I've yet to do pulled pork from a wild pig mainly because I have done sausage out of the back leg roasts (and some hams once mmmm).  What I do recommend is that when you get a chance to break down the wild pig you save as much fat and fatty belly/flank/skirt tissue as you can to drape over the meat or patches of meat from other parts of the pig that have little to no fat on them (ribs, front legs, back legs, etc.).  This helps out quite a bit on front shoulders though I have yet to take a front shoulder to pulling temps since they have been so small.  

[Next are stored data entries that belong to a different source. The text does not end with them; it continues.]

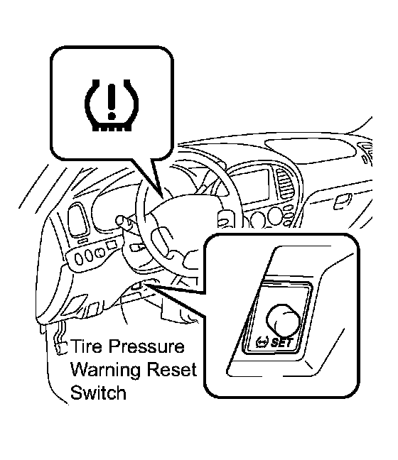 b. Keep the tire pressure warning reset switch pressed for 3 seconds or more with the ignition switch on.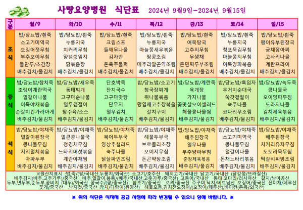 사랑요양병원 9월 둘째주 식단표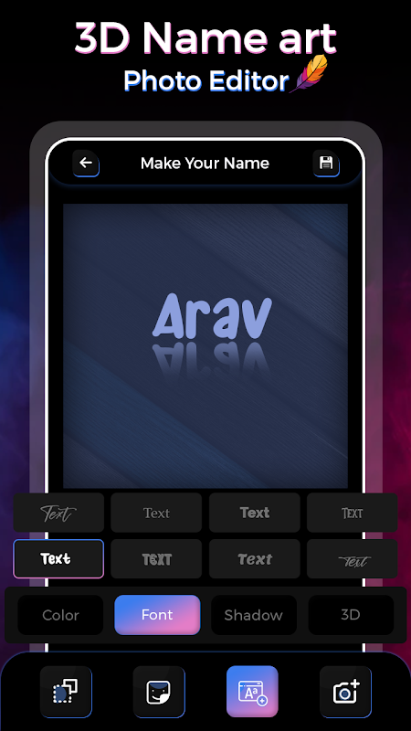 Text Art Maker は、3D テキスト アートと 3D キャプションを使用して写真をデザインできるクリエイティブな名前のテキストを作成するのに役立ちます。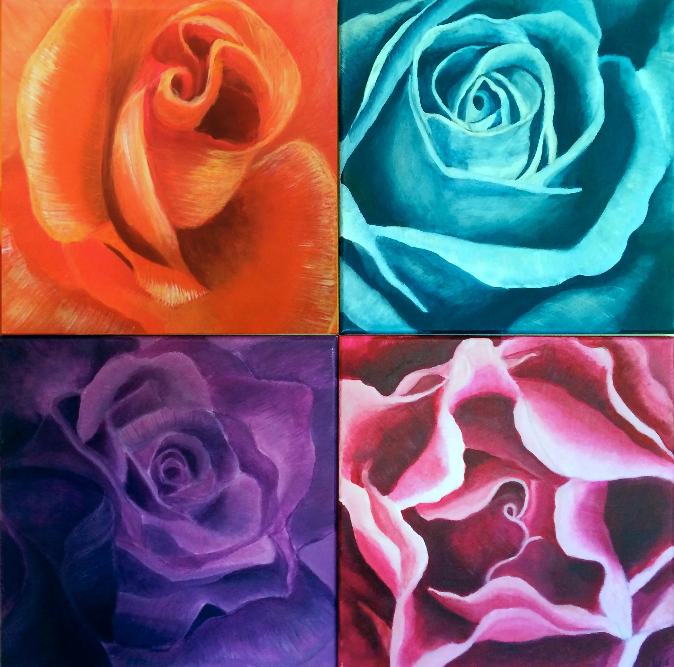 I have a love of painting nature, particularly florals. I tend to work predominantly in acrylic paint, but also an occasional watercolor, oil, pastel, silkscreen, or charcoal pencil for variety, as well as digital painting.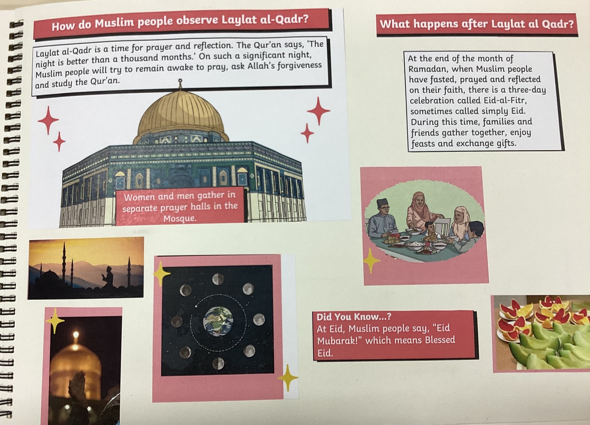 During our next sessions, we explored the impact of prayer and thought about what is needed to help believers pray. During those sessions, Year 3s and 4s designed their own prayer space and Year 5s and 6s, looked at arguments for and against providing a safe prayer space at work. We have also explored the key prayers in the three religions – their key words and their meaning.

The last few wild hogs I've messed with were no more than 70 pounds so they were super tender to begin with and didn't take much cooking of the front legs over about 175F Internal Temp (IT) for me to easily eat using a fork and knife.  Your experience may vary but again keep an eye on them and be ready to foil with some sort of liquid (I use old wine from the fridge) so they don't dry out on you.

Best of luck!


----------



## willy appleseed (Jan 3, 2019)

tallbm said:


> Hi there and welcome!
> Keep an eye on those wild boar roasts as you are trying to do them as pulled pork.  Since the wild pigs are usually quite lean you may want to be ready to wrap with foil and add a little liquid once you get to a certain point so they don't dry out.
> 
> I've yet to do pulled pork from a wild pig mainly because I have done sausage out of the back leg roasts (and some hams once mmmm).  What I do recommend is that when you get a chance to break down the wild pig you save as much fat and fatty belly/flank/skirt tissue as you can to drape over the meat or patches of meat from other parts of the pig that have little to no fat on them (ribs, front legs, back legs, etc.).  This helps out quite a bit on front shoulders though I have yet to take a front shoulder to pulling temps since they have been so small.
> ...





tallbm said:


> Hi there and welcome!
> Keep an eye on those wild boar roasts as you are trying to do them as pulled pork.  Since the wild pigs are usually quite lean you may want to be ready to wrap with foil and add a little liquid once you get to a certain point so they don't dry out.
> 
> I've yet to do pulled pork from a wild pig mainly because I have done sausage out of the back leg roasts (and some hams once mmmm).  What I do recommend is that when you get a chance to break down the wild pig you save as much fat and fatty belly/flank/skirt tissue as you can to drape over the meat or patches of meat from other parts of the pig that have little to no fat on them (ribs, front legs, back legs, etc.).  This helps out quite a bit on front shoulders though I have yet to take a front shoulder to pulling temps since they have been so small.
> ...


thanks ill see how it goes a guy at work gave me 2 roasts to try


----------



## donaltman3 (Jan 3, 2019)

Bearcarver said:


> That's a Great Smoker.
> The only weakness it has is the top vent & the Heating element being on the same side



I was just thinking about this, could you just run an internal 90 degree elbow and have an 8 or 10 inch pipe going towards the left side against the top back inside thus eliminating the need for a baffle or cutting any holes for a new vent?


----------



## dr k (Jan 3, 2019)

donaltman3 said:


> I was just thinking about this, could you just run an internal 90 degree elbow and have an 8 or 10 inch pipe going towards the left side against the top back inside thus eliminating the need for a baffle or cutting any holes for a new vent?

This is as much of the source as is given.